We’ll go to Leonardo in Woodbridge,
Virginia listening on the EWTN app. Leonardo, you are on with Deacon
Steven Greydanus. Hi, thank you for being able to answer my question. So
I’m calling because I have a question that, it relates to movies, but I feel
that also it kind of speaks to other sort of relevant forms of media as well,
and so I wanted to sort of call in and ask sort of what your thoughts were.
So on top of, you know, being a very avid movie lover, I’m also an avid gamer, and
share a lot of your other current listeners are; and so I’m calling in
because I’ve noticed both in movies and in forms of media like gaming, where a
lot of different–a lot of these different forms of media have a lot of
religious influences, specifically Christian influences. You can go from, you
know, movies like Sister Act, and to the other side of the spectrum, like, the
Golden Compass and DaVinci Code. I know it’s the same with different types of
video games, I mean, your viewers would probably hear familiar names like Final
Fantasy or Skyrim or Dragon Quest. And so I noticed that on either side, in
movies, and, you know, some of these Christian influenced movies and
other groups of media, especially the ones that are created by people from Eastern cultures,
a lot of these types in media have, you know, these religious influences that are
placing clearly sort of fictitious scenarios, they’re not really using any,
you know, explicit, you know, Biblical figures in any way, a lot of these
movies or forms of media use the aesthetic of Christianity to tell a
fictional tale. And so to my– Go ahead, just get to the question
because I’m just watching the clock tick away there, so in one sentence, then, the
question, because I think you made your, you set the point very well, what’s the
question? Yeah, so my question is, where do we sort of draw the line between what is–
between calling these, you know, movies, are sort of, to me, sacrilegious, versus
licit religious inspiration, like where do we draw the line between what’s sacrilegious…

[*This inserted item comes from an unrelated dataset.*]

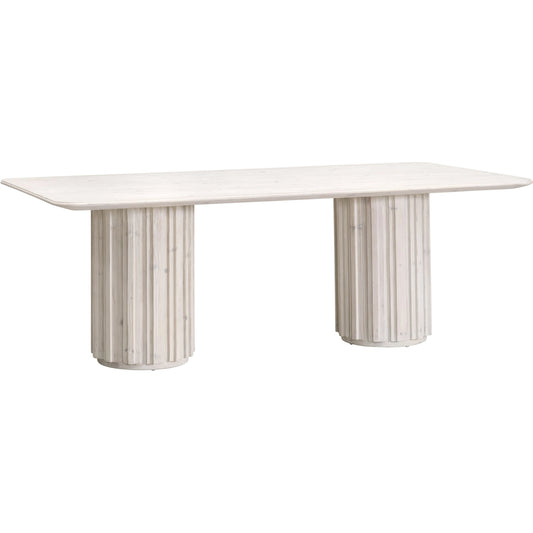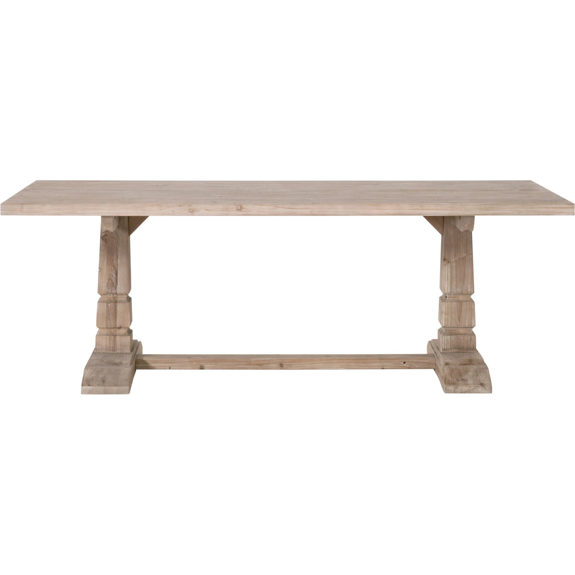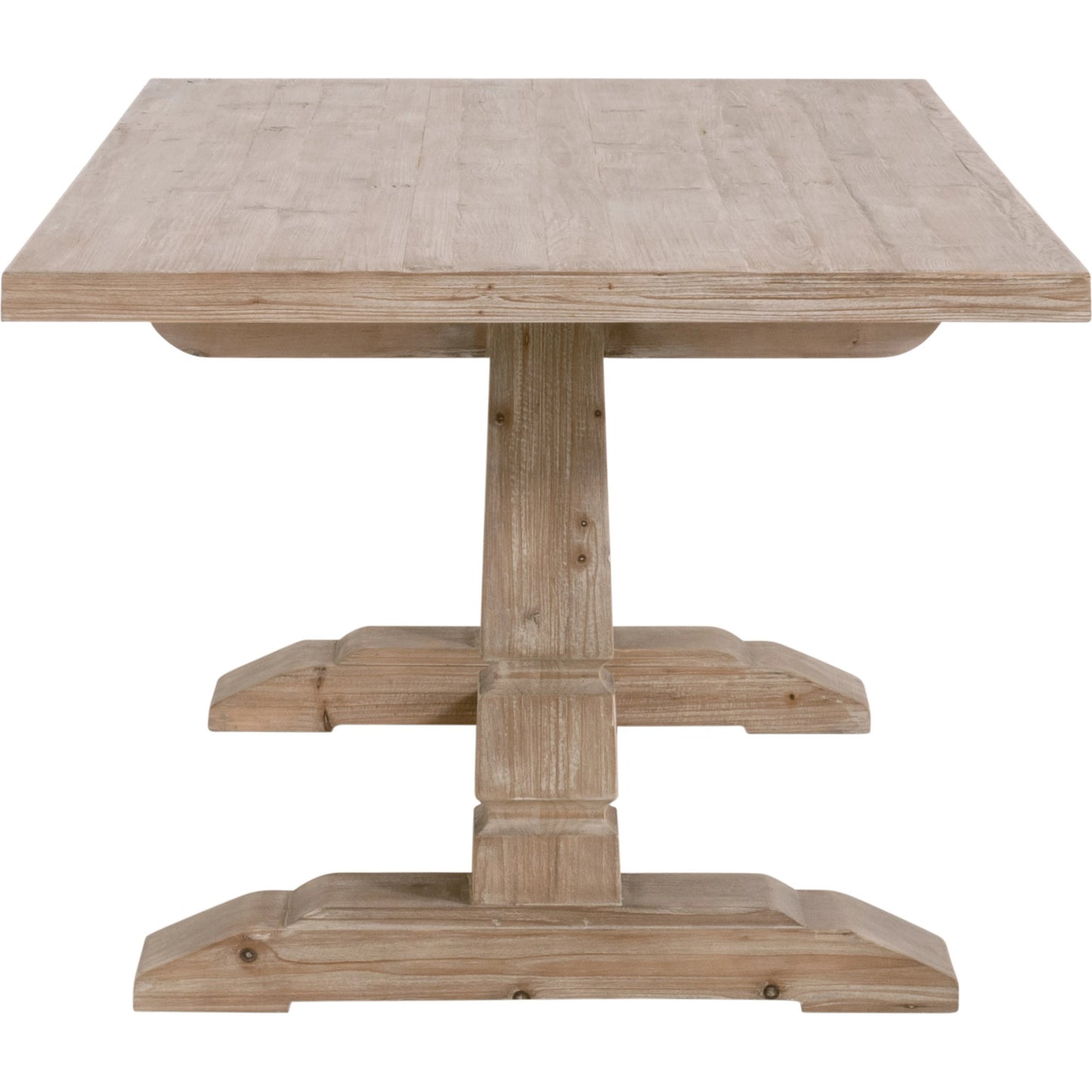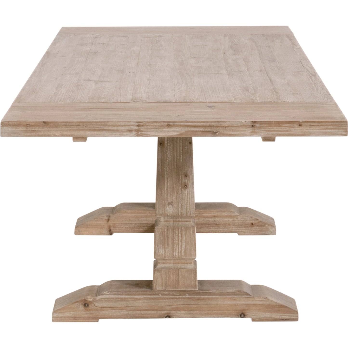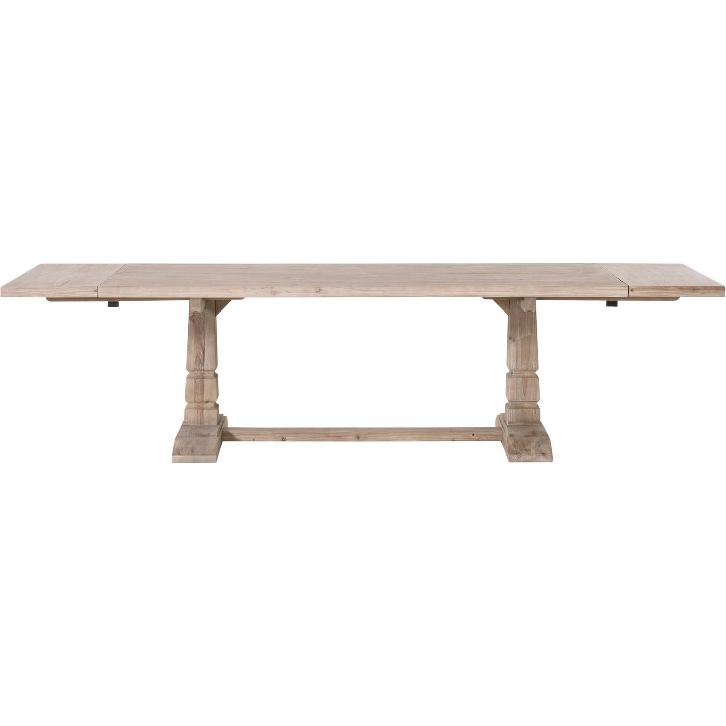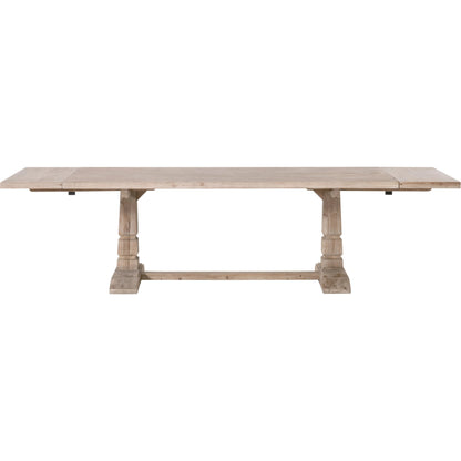 This large extension dining table has a rustic charm that can meld with many interior designs. It is constructed with a reclaimed pine wood, adding character and organic modern style to this table. It contains two removable extension leaves that can be added to the ends of the table when additional seating and space is desired. The trestle-style base adds stability and decorative design for an eye-catching component. Can comfortably seat up to 10 people.

Right. That’s–it’s a really good question and you did put it really well, you’ve clearly
thought about this for a long time and you have some very sophisticated
thoughts about it. It’s true, certainly, and I’m not as familiar with the gaming
world as you practically at all, but I do know that Japanese artists, and
I’ve seen this in anime and another cinema from the East, they are
fascinated with Catholicism. And they often adopt aspects of the aesthetic of
Catholicism; crosses and priests and cassocks and so forth, and divorce it
from the theology of Christianity. I would say I have a limited tolerance for
that sort of thing. I can imagine alternate worlds where history played
out differently, or where Christianity had an influence that became–where the
faith was vestigial and therefore you have certain things that look familiar
even though the theology of Christianity isn’t behind it. I’m more comfortable
with these things when they’re peripheral than when they’re central.
When they start to become a significant element in the story, I do become
uncomfortable, and I would prefer to avoid it at that point. Even if I
wouldn’t outright condemn it, I just find it healthier for my imagination to avoid
the subversion of Christian images in that way. I hope that helps.